Postnatal infection is associated with widespread abnormalities of brain development in premature newborns

Abstract

Infection is a risk factor for adverse neurodevelopmental outcome in preterm newborns. Our objective was to characterize the association of postnatal infection with adverse microstructural and metabolic brain development in premature newborns. One hundred seventeen preterm newborns (24–32 weeks gestation) were studied prospectively at a median of 32.0 and 40.3 weeks postmenstrual age: MRI (white matter injury, hemorrhage), MR (magnetic resonance) spectroscopy (metabolism) and diffusion tensor imaging (microstructure). Newborns were categorized as having “no infection”, “clinical infection”, or “positive-culture infection.” We compared brain injuries, as well as metabolic and microstructural development across these infection groups. In 34 newborns, clinical signs were accompanied by positive cultures while 17 had clinical signs of sepsis alone.
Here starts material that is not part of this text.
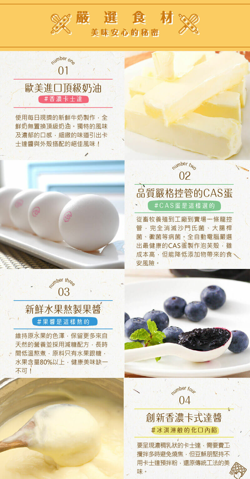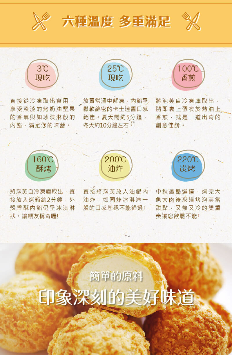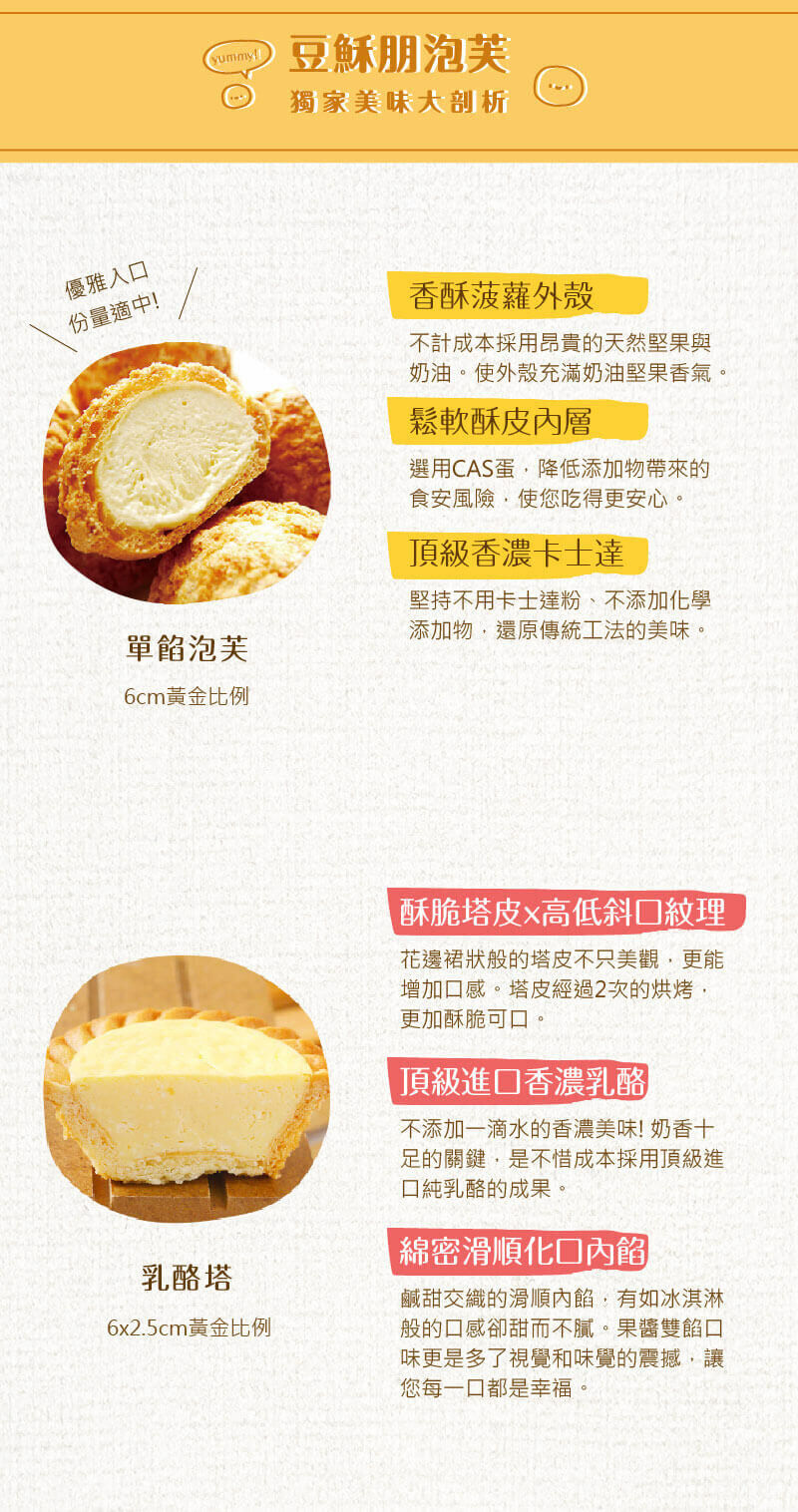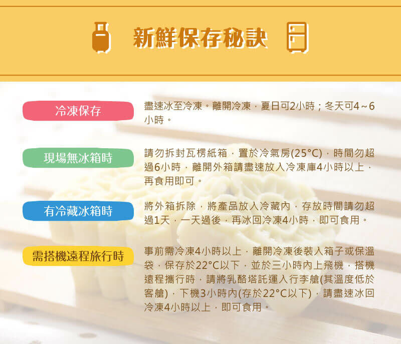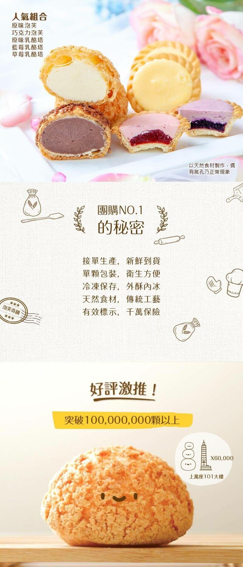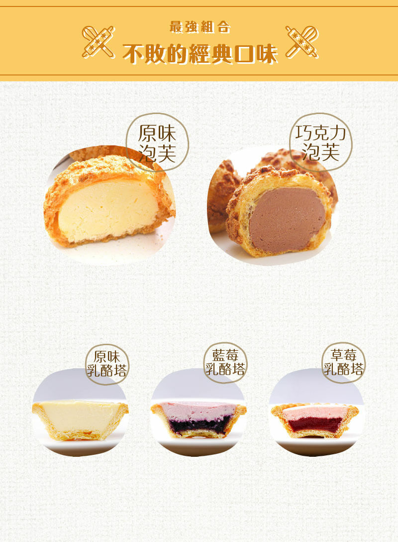 最佳賞味期:泡芙冷凍10天/乳酪塔冷凍30天/奶蛋素食可食

White matter injury was identified in 34 newborns. In multivariate regression models infected newborns had brain imaging measures indicative of delayed brain development: lower N-acetylaspartate/choline, elevated average diffusivity (DAV) and decreased white matter fractional anisotropy. These widespread brain abnormalities were found in both newborns with positive-culture infection and in those with clinical infection. These findings suggest that postnatal infection, even without a positive culture, is an important risk factor for widespread abnormalities in brain. These abnormalities extend beyond brain injuries apparent with conventional MRI.